• **HOW TO COMPLETE THIS TASK**
Copy each line of the records exactly, stopping only after the line that contains "Слейте жидкость с" has been written, and leave pictures out.

● ● ● ●

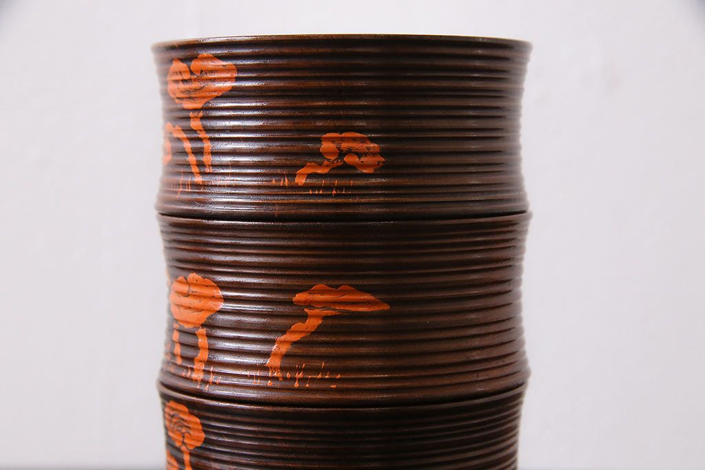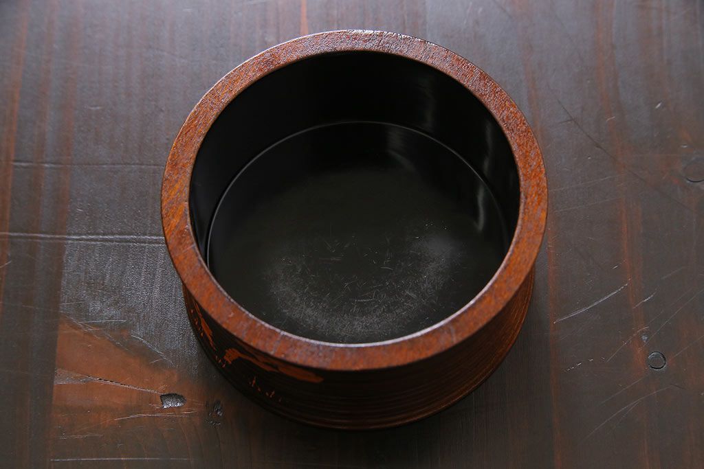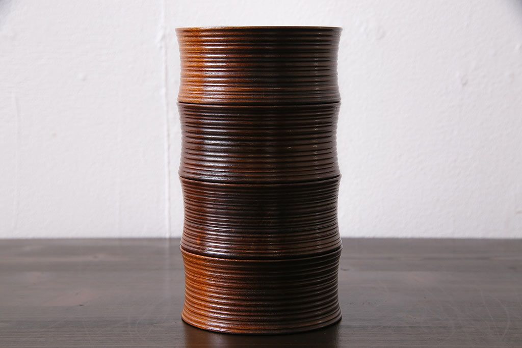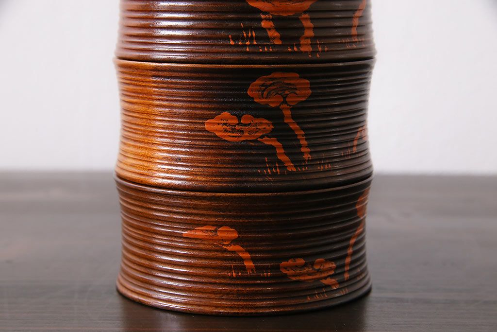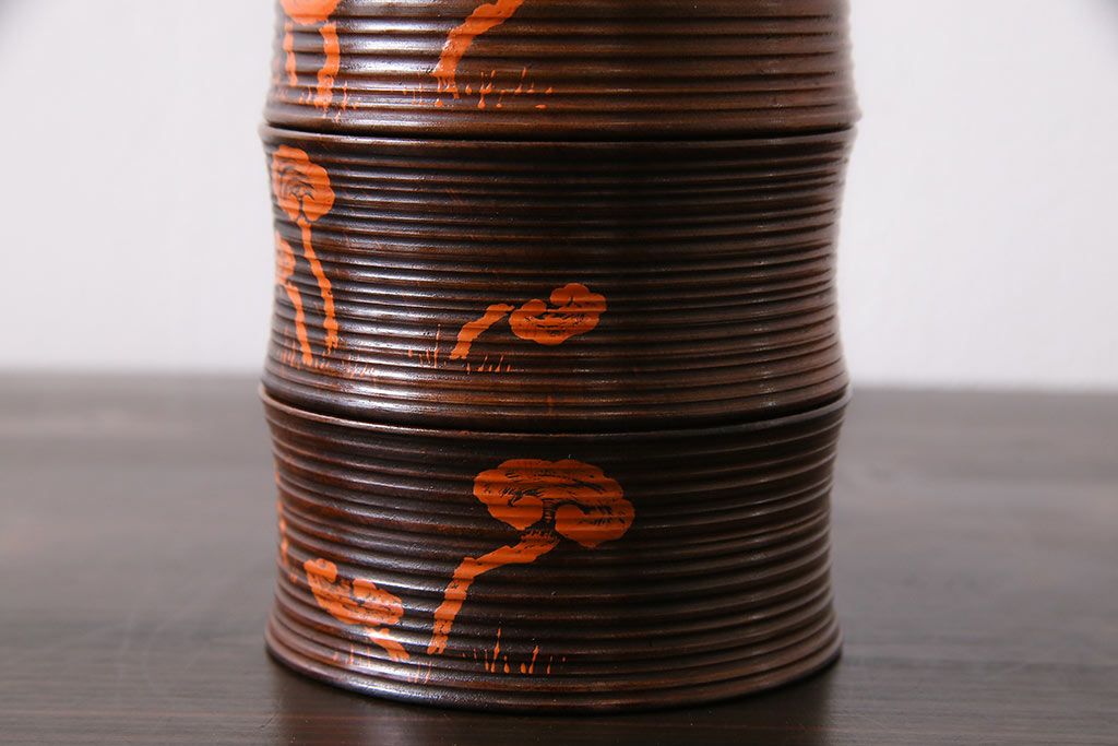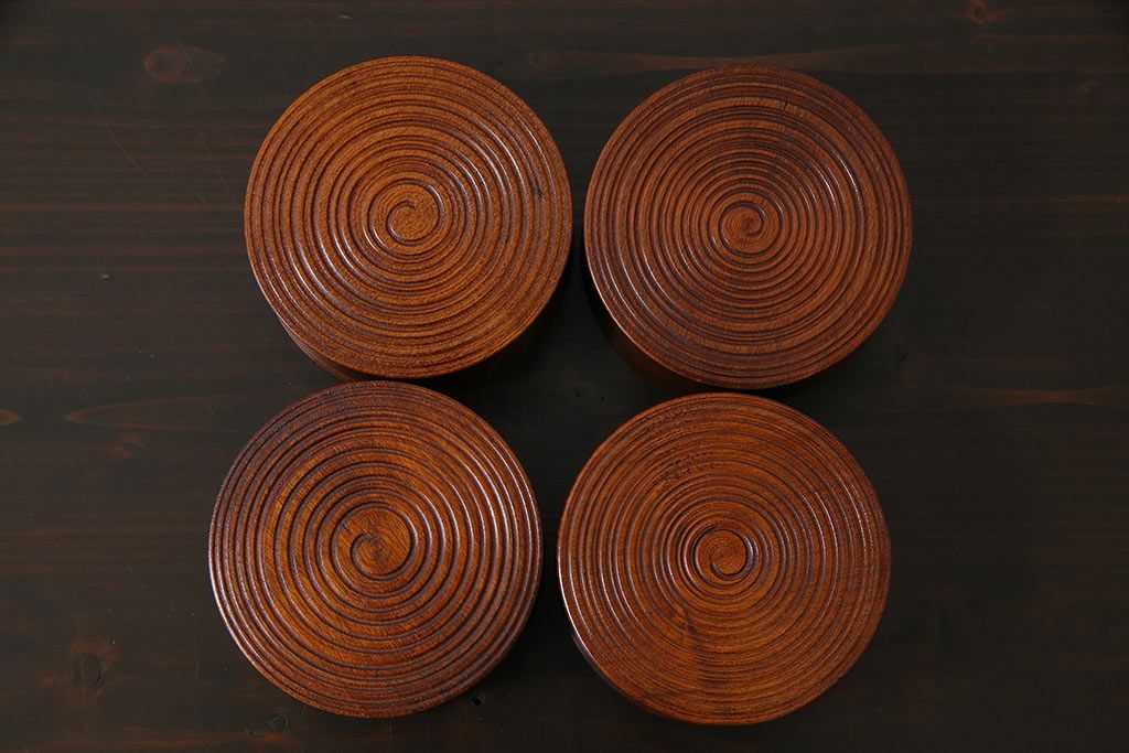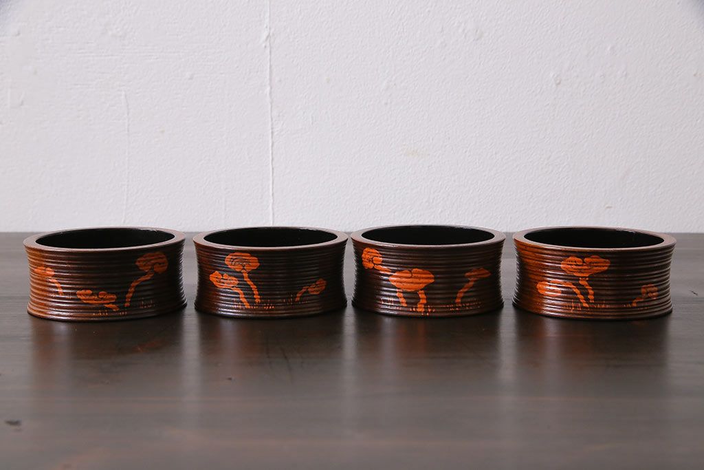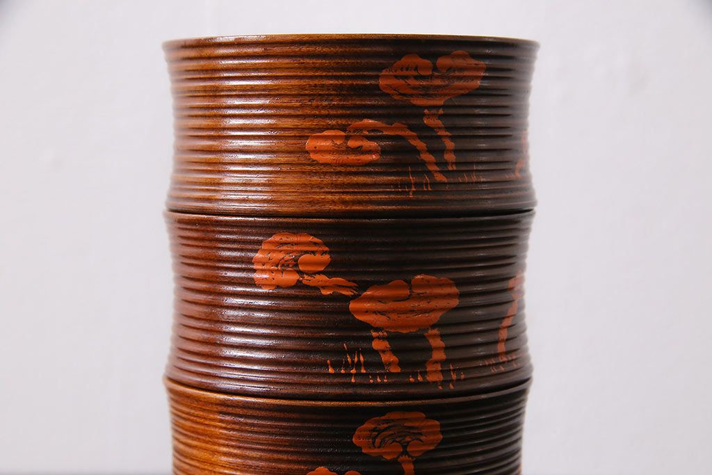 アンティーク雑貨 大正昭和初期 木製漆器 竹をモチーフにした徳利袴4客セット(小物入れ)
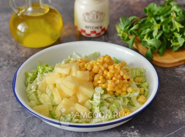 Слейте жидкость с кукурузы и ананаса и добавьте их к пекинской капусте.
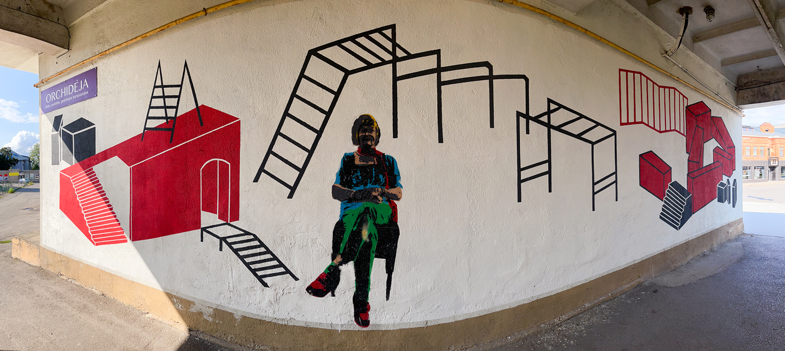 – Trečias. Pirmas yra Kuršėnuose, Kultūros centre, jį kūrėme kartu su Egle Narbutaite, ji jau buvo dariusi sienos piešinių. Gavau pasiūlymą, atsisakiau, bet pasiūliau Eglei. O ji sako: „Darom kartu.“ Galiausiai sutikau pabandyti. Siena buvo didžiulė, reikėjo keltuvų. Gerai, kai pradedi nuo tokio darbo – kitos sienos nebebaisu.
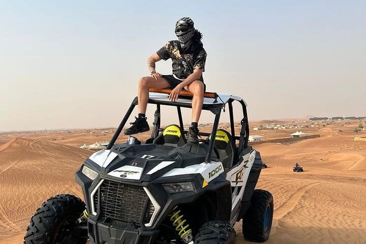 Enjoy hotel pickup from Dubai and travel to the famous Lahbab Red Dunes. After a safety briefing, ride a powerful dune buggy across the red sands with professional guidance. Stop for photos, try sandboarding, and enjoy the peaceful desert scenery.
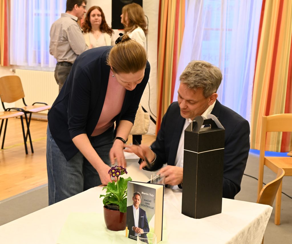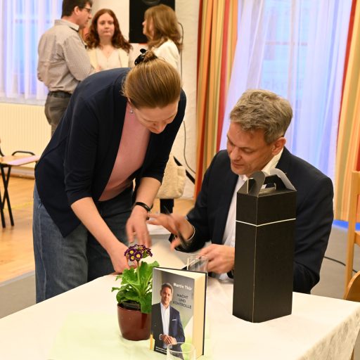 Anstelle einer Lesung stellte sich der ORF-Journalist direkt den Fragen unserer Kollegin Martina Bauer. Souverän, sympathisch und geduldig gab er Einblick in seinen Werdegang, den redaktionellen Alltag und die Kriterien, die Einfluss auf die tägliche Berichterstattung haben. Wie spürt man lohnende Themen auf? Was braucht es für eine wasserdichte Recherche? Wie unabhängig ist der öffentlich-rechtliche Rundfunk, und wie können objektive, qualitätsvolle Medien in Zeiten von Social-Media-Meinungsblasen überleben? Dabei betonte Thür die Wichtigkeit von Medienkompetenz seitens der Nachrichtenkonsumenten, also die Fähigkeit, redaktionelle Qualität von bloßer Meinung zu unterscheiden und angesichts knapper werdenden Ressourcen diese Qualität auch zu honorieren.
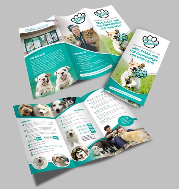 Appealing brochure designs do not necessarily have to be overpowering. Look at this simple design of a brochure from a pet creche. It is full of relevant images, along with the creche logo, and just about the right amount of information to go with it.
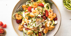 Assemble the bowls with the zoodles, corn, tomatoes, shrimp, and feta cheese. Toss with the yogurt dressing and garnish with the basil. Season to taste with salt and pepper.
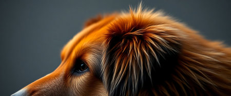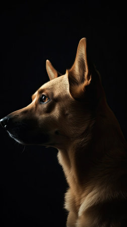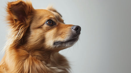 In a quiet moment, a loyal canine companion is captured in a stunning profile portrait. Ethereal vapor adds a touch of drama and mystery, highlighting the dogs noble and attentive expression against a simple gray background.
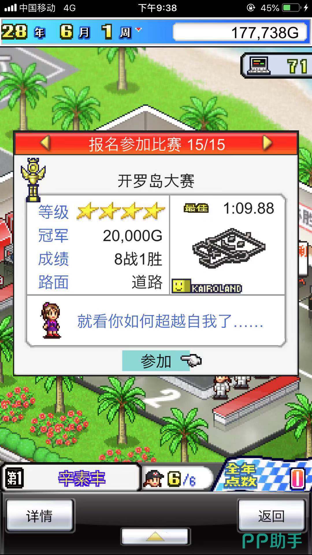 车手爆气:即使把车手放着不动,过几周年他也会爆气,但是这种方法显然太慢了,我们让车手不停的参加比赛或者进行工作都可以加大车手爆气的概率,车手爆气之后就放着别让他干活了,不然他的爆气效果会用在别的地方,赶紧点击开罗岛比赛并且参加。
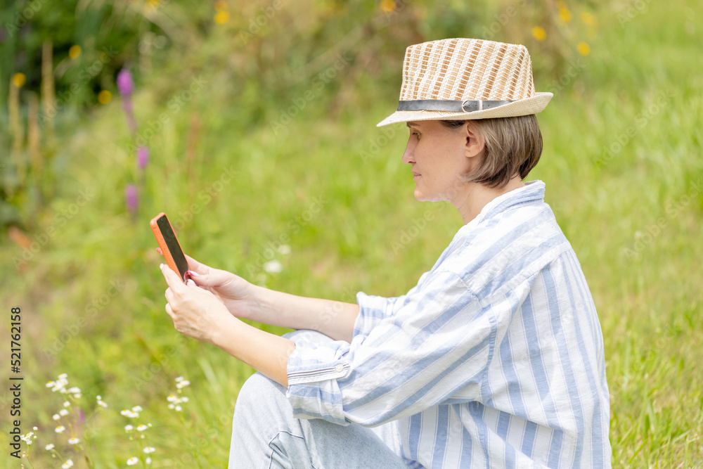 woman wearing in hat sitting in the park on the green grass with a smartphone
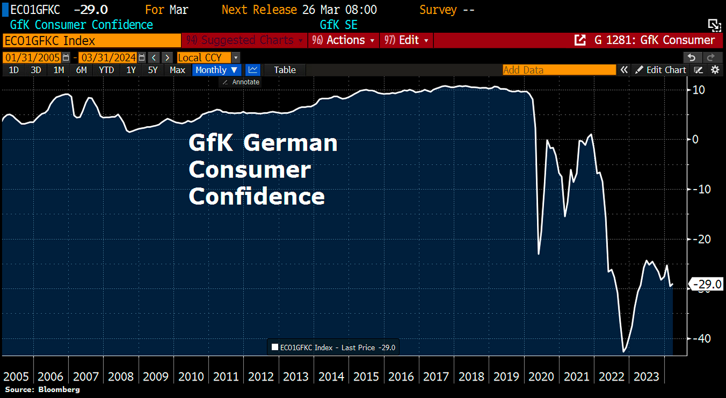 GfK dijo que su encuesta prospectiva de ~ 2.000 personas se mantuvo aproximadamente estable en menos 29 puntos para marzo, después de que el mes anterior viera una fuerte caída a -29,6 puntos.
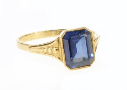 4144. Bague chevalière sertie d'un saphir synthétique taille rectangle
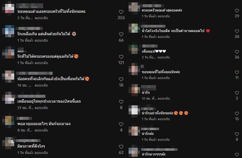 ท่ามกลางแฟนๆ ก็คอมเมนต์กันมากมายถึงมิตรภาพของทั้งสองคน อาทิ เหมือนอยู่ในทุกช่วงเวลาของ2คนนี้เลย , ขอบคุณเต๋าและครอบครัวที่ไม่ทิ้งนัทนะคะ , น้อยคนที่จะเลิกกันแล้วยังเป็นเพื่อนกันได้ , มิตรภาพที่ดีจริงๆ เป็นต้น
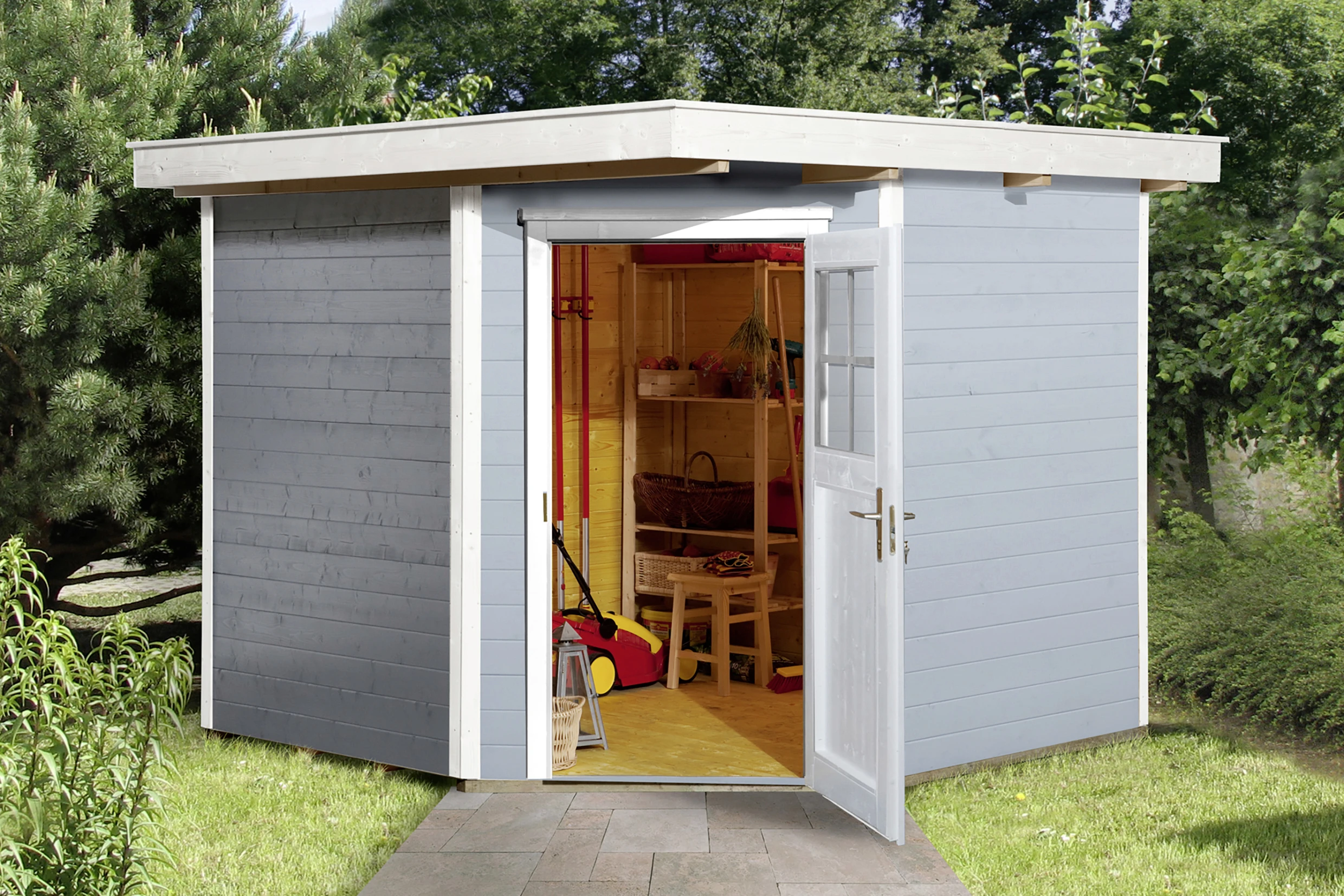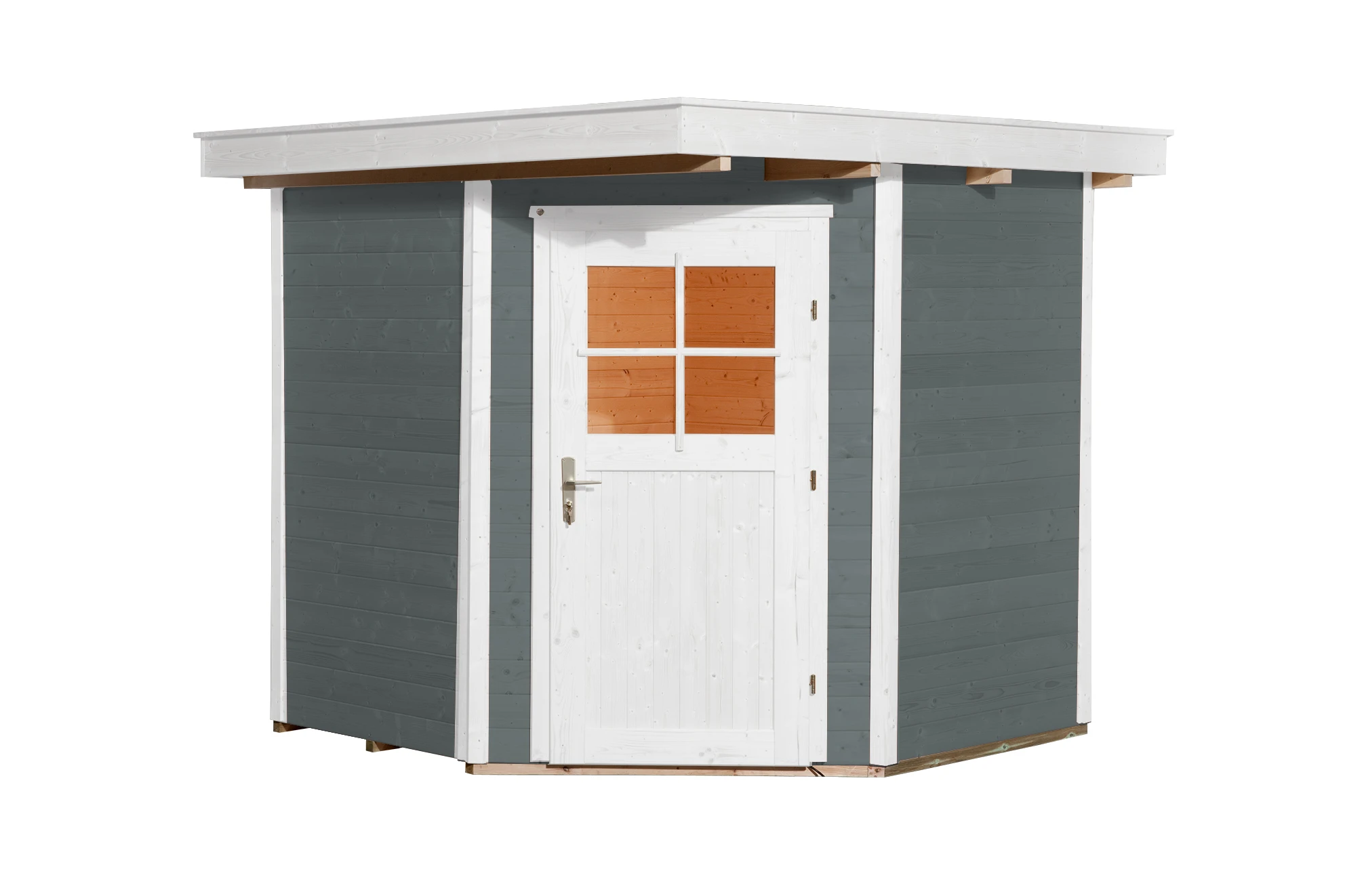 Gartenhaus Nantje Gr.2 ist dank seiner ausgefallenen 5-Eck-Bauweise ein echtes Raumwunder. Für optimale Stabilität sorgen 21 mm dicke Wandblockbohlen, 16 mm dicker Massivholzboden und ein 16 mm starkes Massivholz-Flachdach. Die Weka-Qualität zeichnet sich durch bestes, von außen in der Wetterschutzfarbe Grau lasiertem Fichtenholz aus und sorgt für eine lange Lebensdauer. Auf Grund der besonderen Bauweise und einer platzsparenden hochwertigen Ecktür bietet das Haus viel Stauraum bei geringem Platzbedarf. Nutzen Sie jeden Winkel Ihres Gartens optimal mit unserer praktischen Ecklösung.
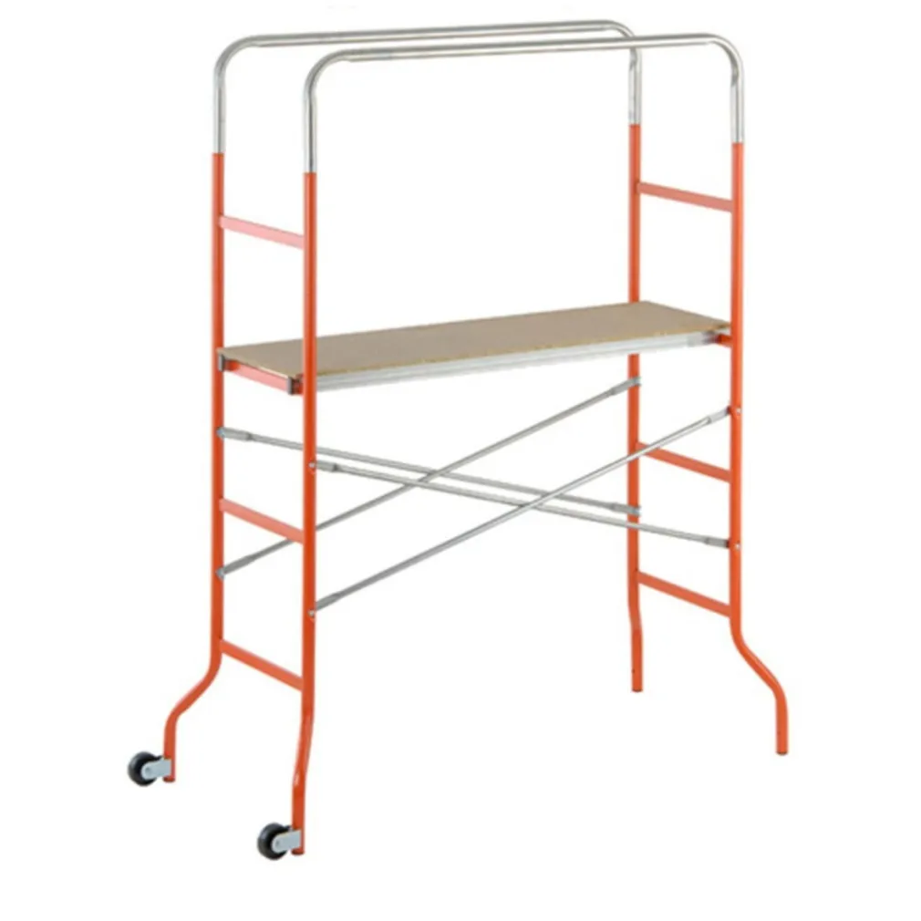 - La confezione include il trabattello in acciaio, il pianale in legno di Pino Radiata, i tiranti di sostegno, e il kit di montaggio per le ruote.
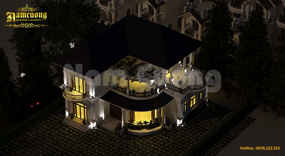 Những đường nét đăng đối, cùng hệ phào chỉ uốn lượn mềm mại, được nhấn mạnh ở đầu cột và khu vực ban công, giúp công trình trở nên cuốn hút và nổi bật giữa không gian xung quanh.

● ● ● ●

• **EXERCISE ANSWER**
 アンティーク雑貨 大正昭和初期 木製漆器 竹をモチーフにした徳利袴4客セット(小物入れ)
 Слейте жидкость с кукурузы и ананаса и добавьте их к пекинской капусте.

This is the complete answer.